Не нравились ему упрямства эти, внезапные, душевные бунты Людмилы. Бывало, что она с ним по месяцу, а то и больше не разговаривала. Ни ласки тогда, ни подарки — ничего не помогало. Он и бить ее пробовал в такие моменты — визг только да крик получался.
Дурить что-то начала Людмила, дурить. И чем дальше, тем чаще и чаще.
— Не так мы с тобой живем, Иван. Ой не так, — не раз уж заговаривала она, — не как все. Другим вон, посмотришь, ни коровы, ни ягнушек — ничего не надо… И живут, выкручиваются.
— Что мне другие? Что мне другие? — отмахивался Глухов. — Знаю я, как другие живут. Сегодня он, положим, захотел своей жене пальто справить — в кассу взаимопомощи бежит. Завтра он вздумал холодильник или еще что приобрести — бумажками для кредита запасается. Вечно у них, у других-то, денег не хватает. Вот как другие живут.
— Без наших забот зато. И наработаться, и отдохнуть — все успевают. Соседи вон, Сергеевы, каждый почти год путевки туристические берут. Ездят, на людей смотрят. Мы же только и знаем, что за скотиной да огородом следить… Иной раз подумаешь: да пропади оно пропадом все… Хоть бы когда-нибудь в маломальский санаторий или дом отдыха выбраться, отвести душу.
— Какой еще санаторий? Чем здесь у нас не дом отдыха? Речка под боком, лес рядом… Отпуск бери и ложись себе, загорай. Воздух свежее свежего, выпить и пожрать всегда вволю.
— Ага, ага!.. Ложись, загорай… Ишь как он славно рассудил. Дом — не курорт, забегаешься в хлопотах. Не увидишь, как и отпуск проскочит.
— Дались ей курорты всякие. Я когда служил в Риге, насмотрелся на них, на курортников этих самых. Очереди в столовку выстаивают. В шесть часов поднимаются, место на пляже занимать. Отдых называется.

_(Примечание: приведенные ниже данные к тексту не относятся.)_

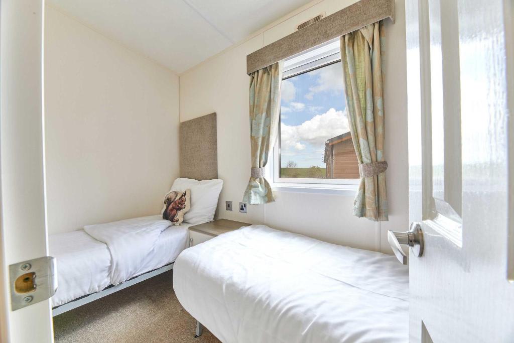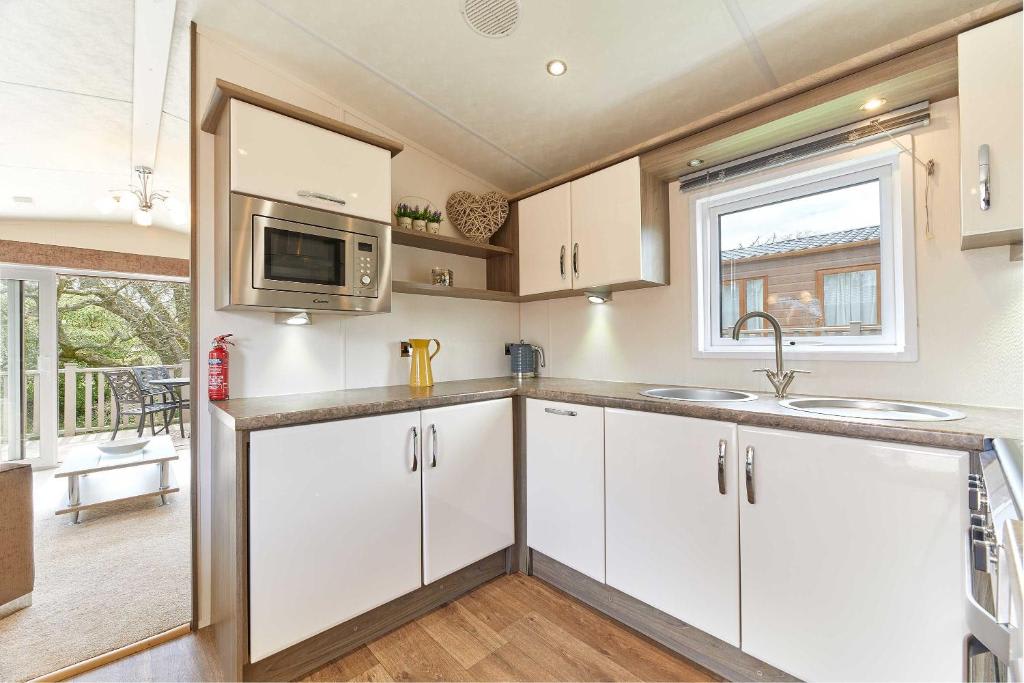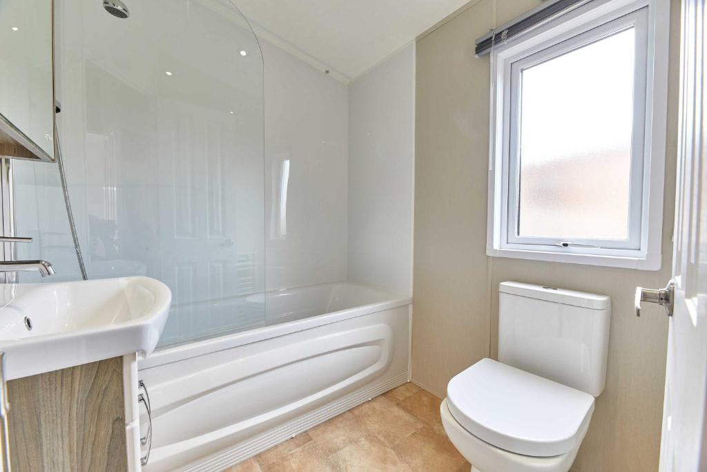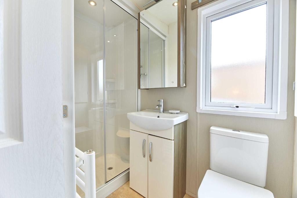 Norman Lodge has a cosy living area. The perfect place to relax with your loved ones, there is a comfy sofa, matching armchair, a fireplace and a flat screen TV. The space also features large patio doors which open out onto a terrace area. Outside you’ll find a black iron dining area which is perfect for morning coffees and al fresco dining. The terrace also boasts a hot tub where you can unwind during your stay. Fully equipped, the kitchen has an oven, hob, refrigerator, toaster and microwave so you’ll have everything you could need to prepare meals. There is a dishwasher, washing machine and dryer for your use too. Also sharing this space is the dining area which includes a dining area for 4 guests. The lodge has two bedrooms. Featuring an en suite shower room and a comfortable double bed, the master bedroom is ideal for couples. Head to the second room and you’ll find a twin. The master bathroom features a bath with an overhead shower, WC and basin.
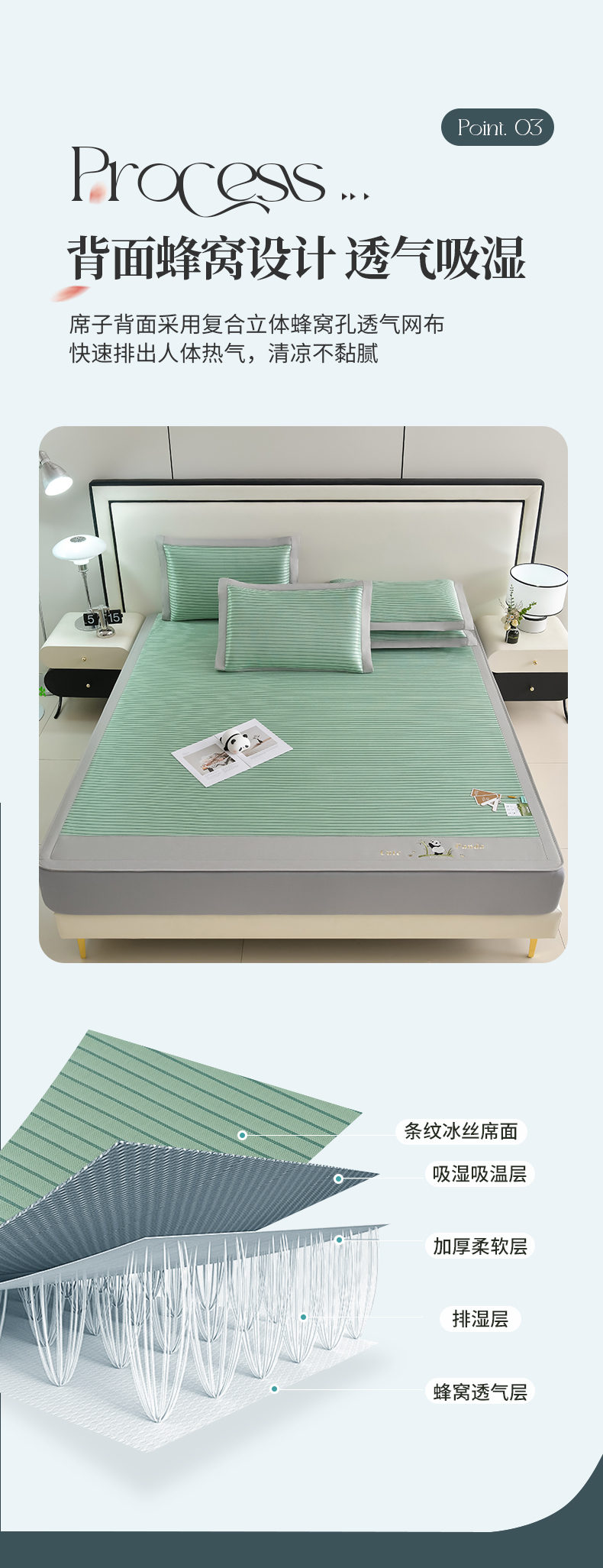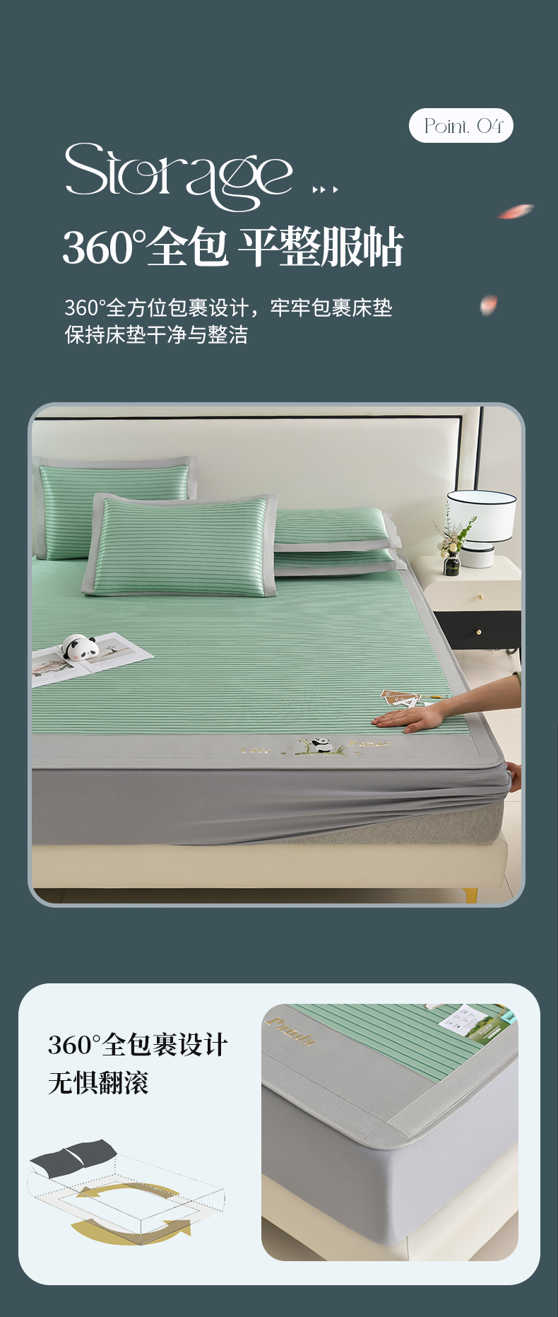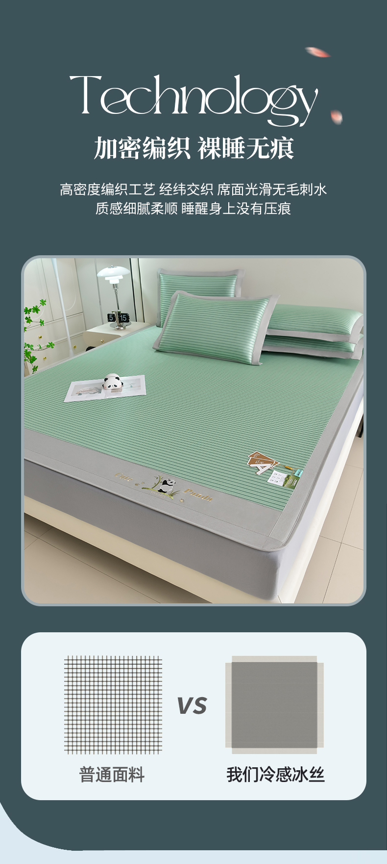 商品名称:小牛席业 2026新款条纹爱家熊猫冰丝席(床笠款)藤席冰藤席冰丝席可机洗凉感冰丝席豆豆席PE霸王 绿色
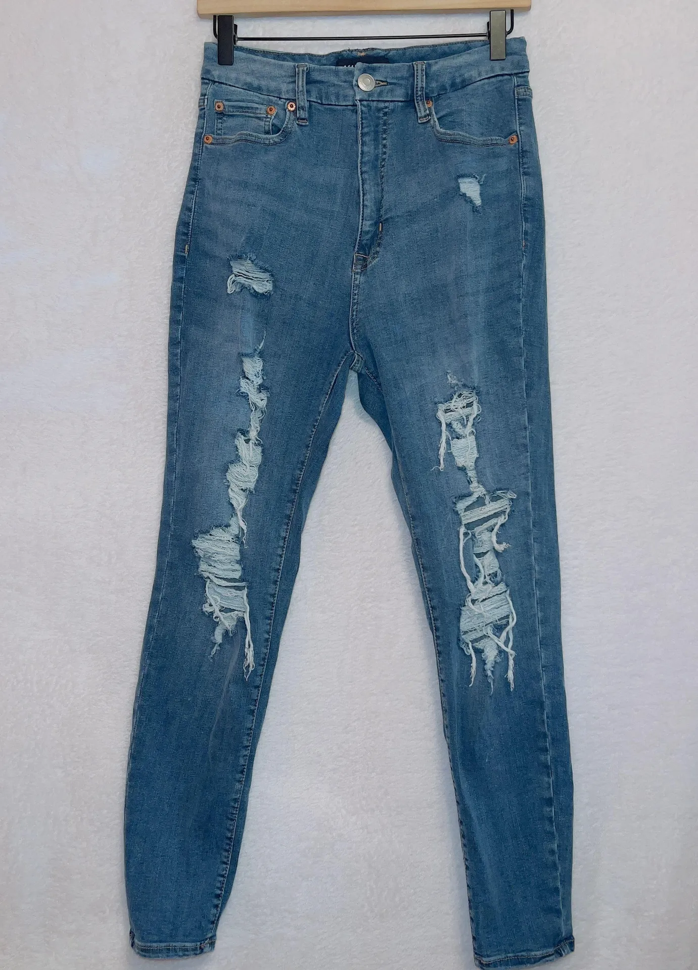 Aeropostale Medium Wash Denim Curvy Super High Rise Distressed Jegging Jeans 8R Condition: good pr... Show more
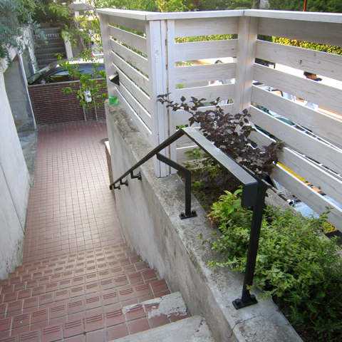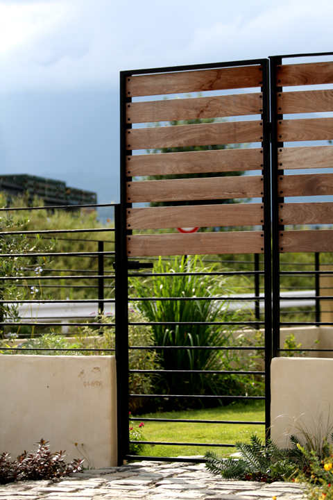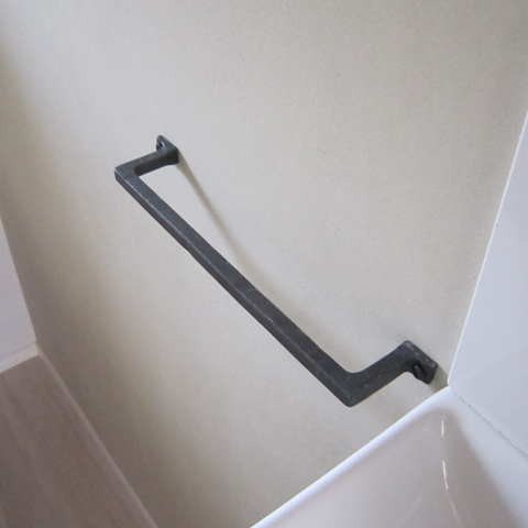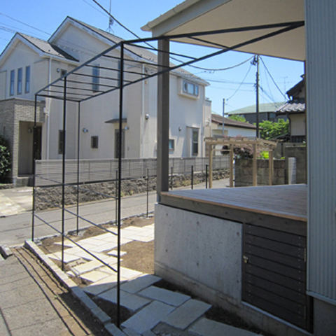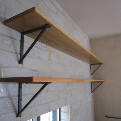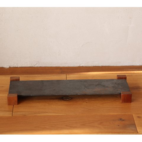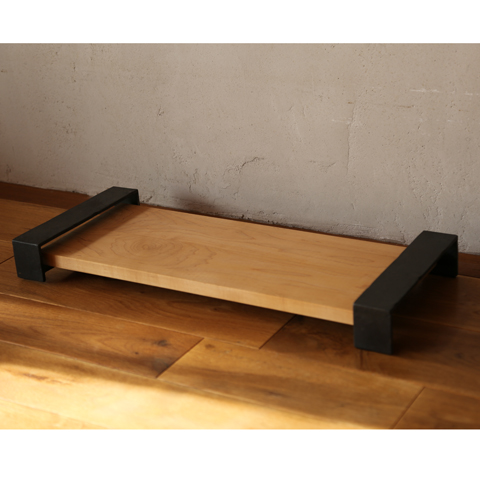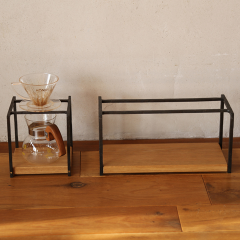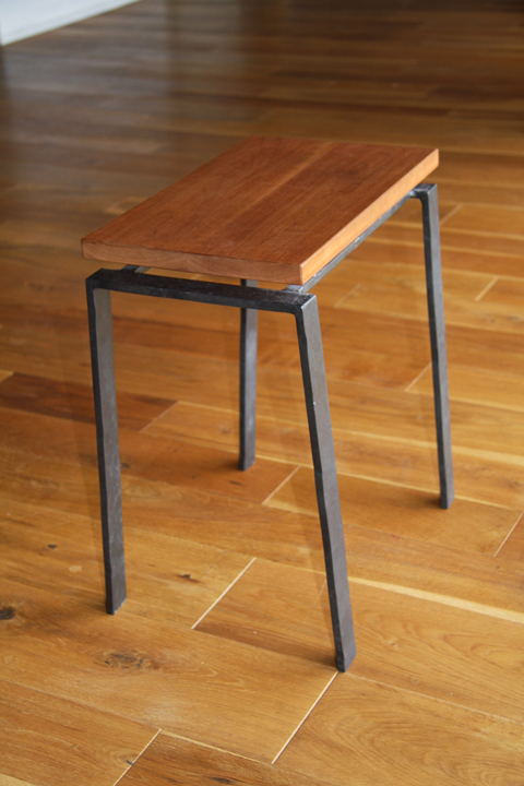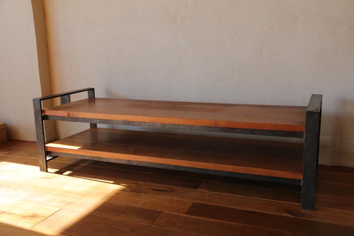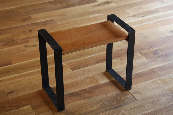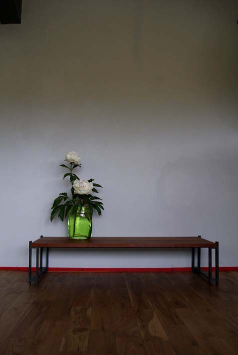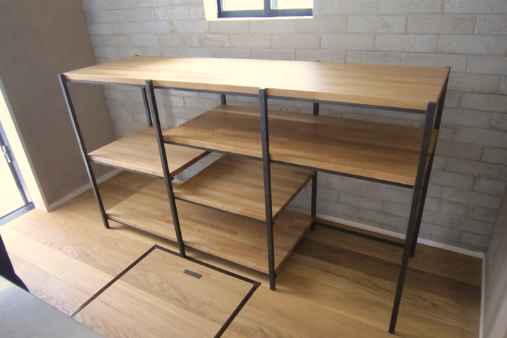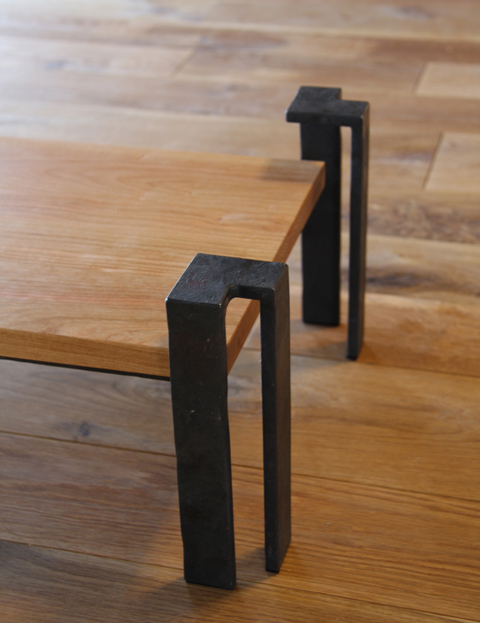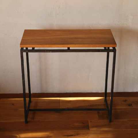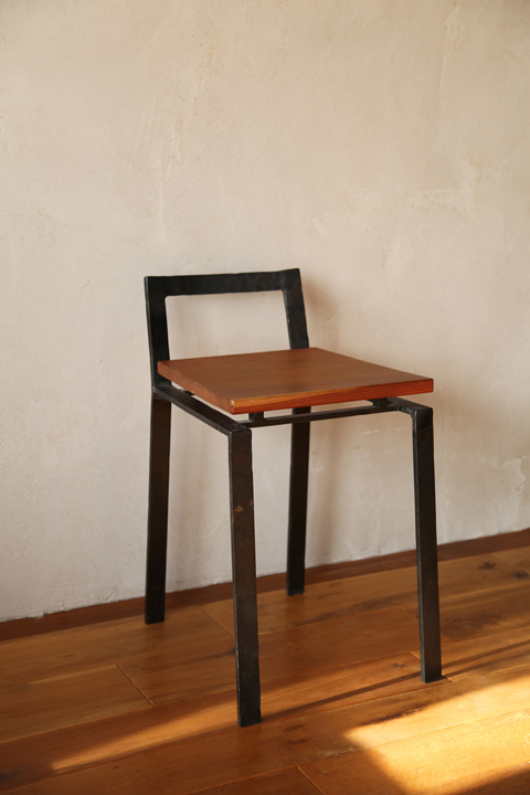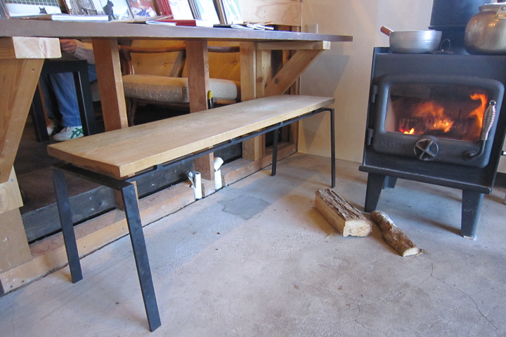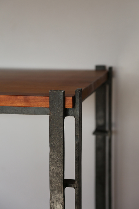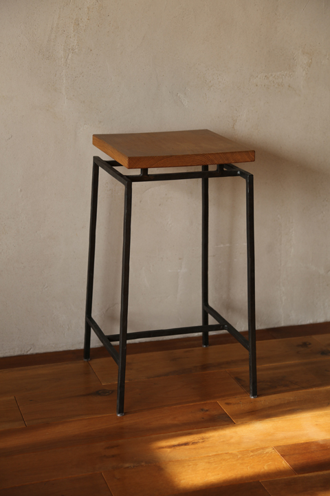 脚は無垢鉄25mmの角棒で制作。天板は無垢オーク材。
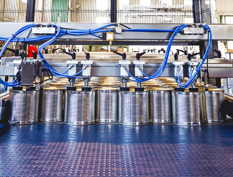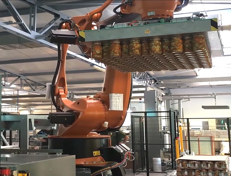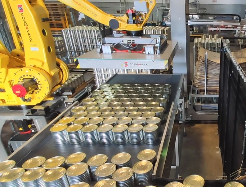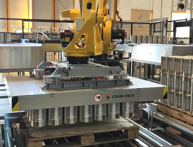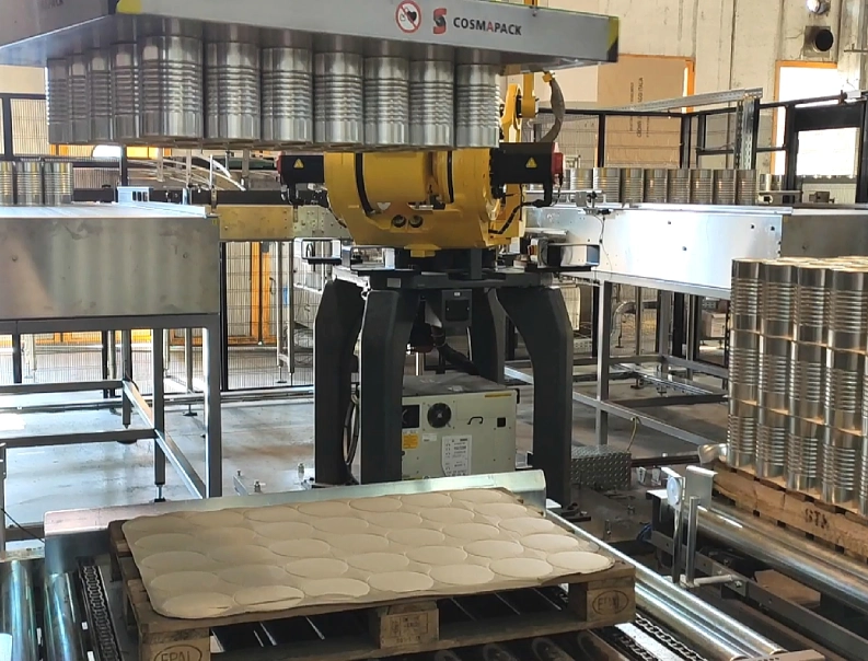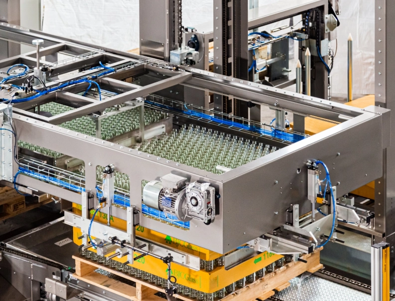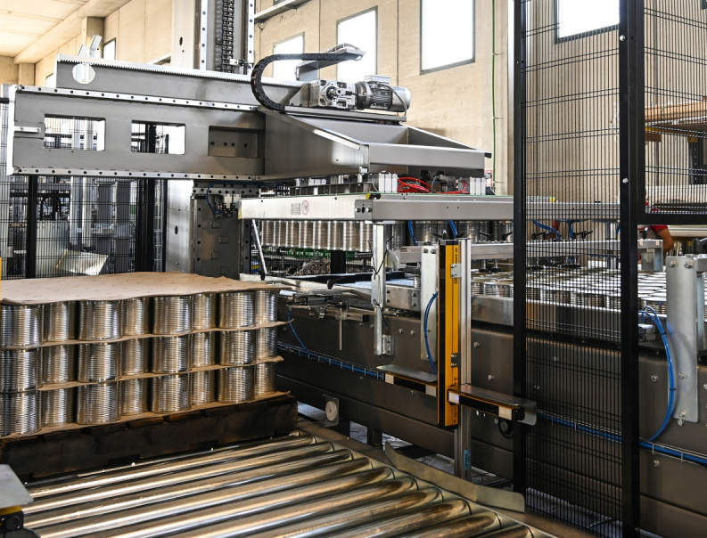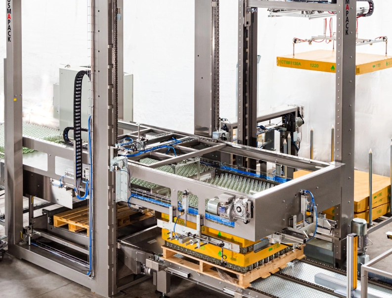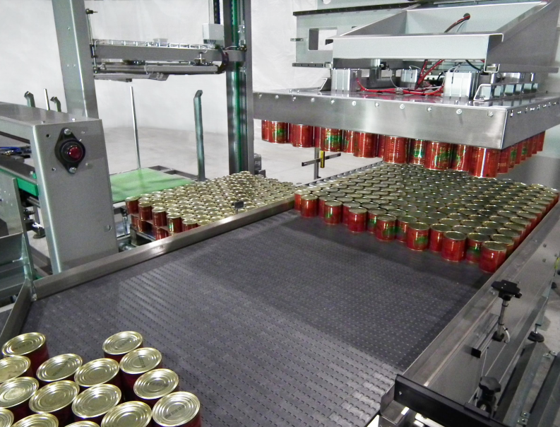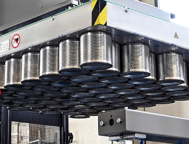 Depalletization of the empty containers is one of the activities where automation can help most. The handling of fragile products at considerable heights makes automatic depalletizers a must in the production lines. Our experience in this type of machines is wide. We build sweep off depalletizers and cartesian depalletizers. For the canned products we build magnetic head can depalletizers too.

— Ты повидал, а я вот, считай, нигде дальше Чиньвы не была. Семилетку кончила — мать заболела… Самой работать пришлось: сначала в няньках ходила, потом сучкорубом… учебу бросила. Тут, как на грех, ты подвернулся. Помнишь, какой ты в Чиньву приехал? Кудрявый, молодой, нахальный. Классный специалист, одним словом. Не вербота там какая-нибудь.
В Чиньву он приехал по направлению лесотехнической школы. В мае приехал, весной, в пору обновления жизни кругом, в пору, казалось, своего обновления. Тогда он был и впрямь курчавым, буйноволосым красавцем, беспечным и беззаботным малым, которому все нипочем, все трын-трава. Ради этого показного ухарства на что он только был не способен. Мог, например, запросто аванс или «окончаловку» целиком прокутить, а потом, вместе с другими парнями из общежития, в долг «на запись» в столовке до следующей получки питаться. Мог, положим, не особо раздумывая, на работу не выйти, прогул устроить, зная прекрасно, что премии месячной может лишиться, а то и квартальной. Много мог себе позволить молодой Глухов. Ко всему тому, подраться и пошуметь любил.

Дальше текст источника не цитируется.